The Chinese property and banking sectors have been receiving a fairly hefty amount of press this month for one reason or another. Most of it is touting scarewords like "bubble" and "crash" as a result of a few hedge fund managers announcing they are about to go gambling against the Chinese banking and property sector (with some large caveats attached of course).
Quite why certain areas of the banking fraternity are hyping the concept that China will crash seems a little unclear, not just when you consider the facts of how the Chinese view investment, but also how large some of the caveats these so-called banking experts have added to their "investment ideas".
For example, one such fund being offered asks for a minimum 1 million USD to effectively bet on China's financial crash through debt and credit swaps, interest rates and so on. Fair enough you might think, spokespeople for the fund cite oversupply on property and construction as the bulk of their reasoning behind it - makes a lot of sense initially, as does the apparent "excessive lending" going on in China. It's only when you get further into it that things start to get a little weird.
What the fund managers are forgetting
What isn't highlighted is that most lending that does go on in China is heavily regulated and restricted (i.e. there are no "liar loans" or "NINJA loans"). Maximum LTV is 80% at best.
The other important issue that appears to have been overlooked by a number of short wearing fund managers is that the vast majority of Chinese lending institutions (the banks) are state owned. (Historically, under what the West regards as State/communist rule, private enterprise is a recent thing in China).
Surely China can still go bust?
One of course might think "So what? China can still go bust", and you would be correct in thinking that - there is extensive talk on how much cash China is printing to increase its liquidity (which it is doing at a phenomenal rate). Compared to the West (which is printing money to replace what it has spent badly) the Chinese situation looks dire. The issue is, though, that Chinas restrictions on foreign investment into the country have caused the lack of cash - not reckless and irresponsible lending to people who cannot afford it as has happened in the West.
The key thing though that really highlights the lack of conviction in the Chinese crash by these hedge fund managers is the that with the fund in question has stated that a "burn rate" of 20% per year is added until they prove their theory correct.
Throwing money at it until it works
Just to clarify what that means in case you think you have misread something here, yes, the fund will allow itself to fall by 20% per year until they get it right and make a profit. If you think about it for just a moment - the whole concept of the "investment" pans out as follows:
- Invest 1 million USD
- The hedge fund then bets that sectors of the Chinese market will drop.
- The fund continues to invest in this fashion taking short positions.
- Although it doesn't state whether the fund is open or closed (I suspect closed) the term is for 5 years, and it has limits on it allowing a 20% loss per year. (i.e. 20% growth in the Chinese economy)
- IF the Chinese economy takes a dive - you make a profit. If on the other hand it continues to grow - you lose.
Is it any wonder at all that the banking industry is in the state it's in, and the economies in the US, UK and several major countries in Europe are in the toilet?
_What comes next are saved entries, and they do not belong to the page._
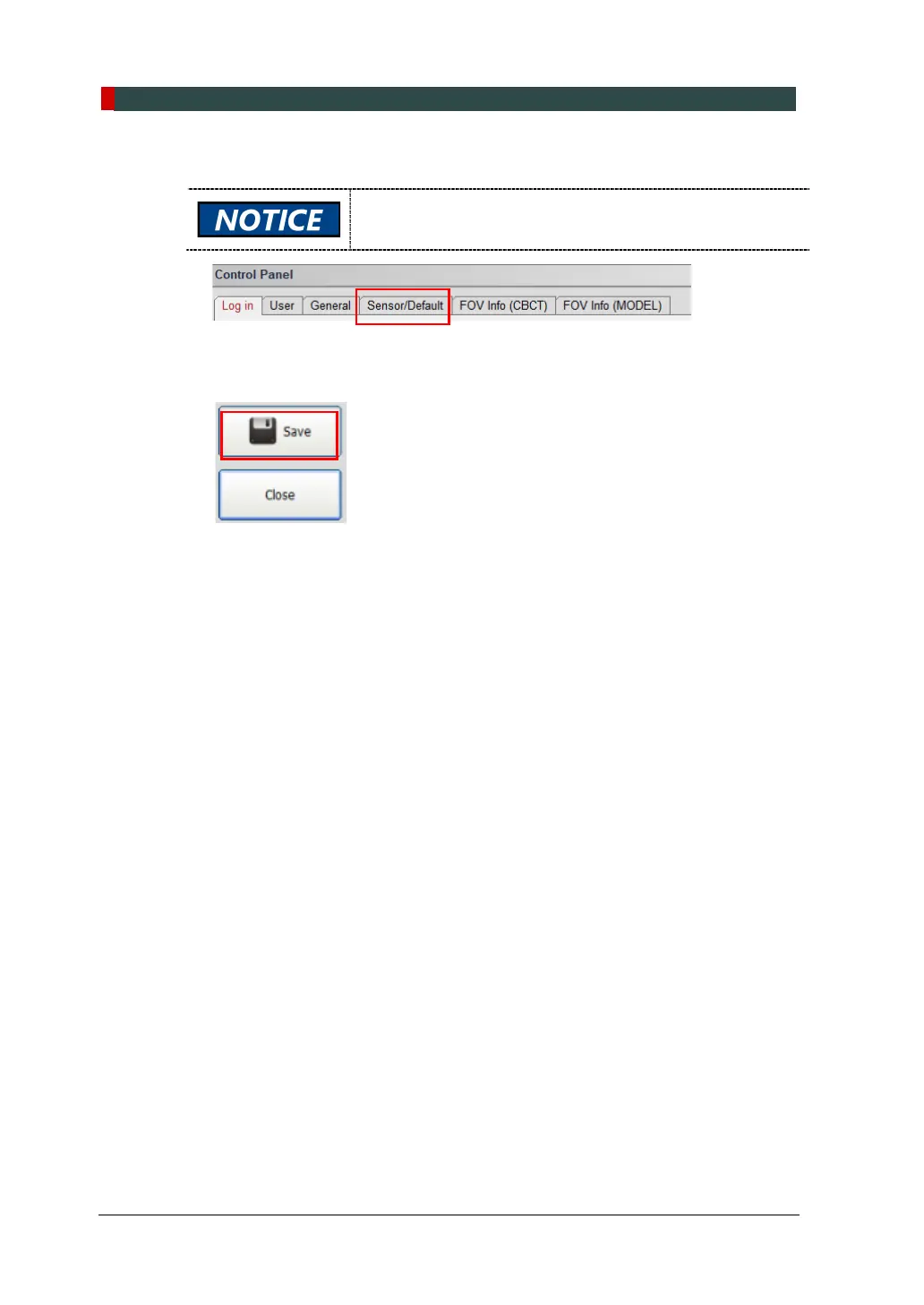 12. Click on the Sensor / Default tab and configure the user-defined parameters.
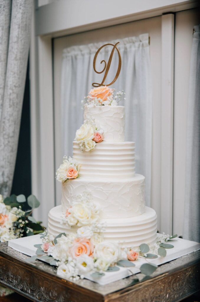 “My main inspiration for decor was lots of greenery and candle light,” says Allison. “Our flowers were filled with eucalyptus, greenery, white roses and peach flowers for a pop. Floating candles and tea lights lit the room and added a taste of elegance.”
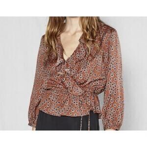 NWT Outerknown Rhiannon Ruffle Trim Tie Wrap Blouse Top Brown Women's Size XS
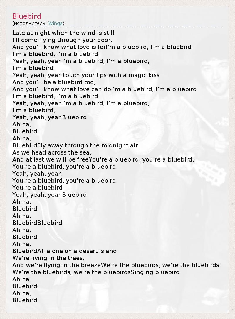 And you'll know what love is forI'm a bluebird, I'm a bluebird

I have said it before and will say it again, as much as there is money to be made from economic downturn, there is no justification for it.
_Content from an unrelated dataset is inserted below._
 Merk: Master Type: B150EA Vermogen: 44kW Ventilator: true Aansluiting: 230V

Shorting anything is a dangerous pastime at best - you are basically betting that something is going to lose value over time, and in doing so you are encouraging it. All well and good you might say - if you get it right.
The reality is that you cannot hold open a short position forever; the markets don't and can't allow for it.
If you sell a position in something before you own it, you have to cover the position to fulfill the order at some point (basically, pay for it, regardless of whether you have made a profit or a loss), otherwise the market itself will cease to exist.
The lack of the Bowler hat-wearing fat cats
Ranting aside - hands up if you think a nation as vast as China is going to allow that to happen? Remember, China has the largest population on the planet. It has an extensive workforce and vast tapped and untapped natural resources at its disposal.
What is happening now will only strengthen its position as a financial superpower in the years to come. How? Very simple. The West is stuck in its beliefs that capitalism is the way forward, it believes in rights and has expectations (and so it should to a degree) as to how money should be made and so on. So does China, just very different ones.
Why do you think the lending institutions are state owned and not run by corporate banking fat cats looking for bonuses the size of a third world country's GDP every year? With loans only being made to local people and companies in China, when default occurs, the asset is simply going to go "back in the pot" as it were for redistribution - it hasn't had all the value sucked out of it as it would if it were in the West. I agree that the numbers coming out of China look and sound scary, but this is because they are different to what we are used to, and subsequently derived through an entirely different method.
You might think I am completely mad and wrong here, but consider this - China has never really permitted foreign acquisition of its assets to any degree, and there is no real sign that it will allow it anytime soon either. Nobody outside China has any real bargaining power as a result, and even western businesses in China aren't able to pull much out of the country in the way of profit because it is such a closed market.
The Chinese don't need Jonny Foreigner money, and aren't likely to for some time to come. Until then the mentality will stay as it is (pending any major political change) and I can't imagine them letting anyone getting in their way by betting on their economy collapsing.
If you are considering investment in China - long term and growth is the key. Quick-buck doom-mongery is for the foolhardy against this financial monolith.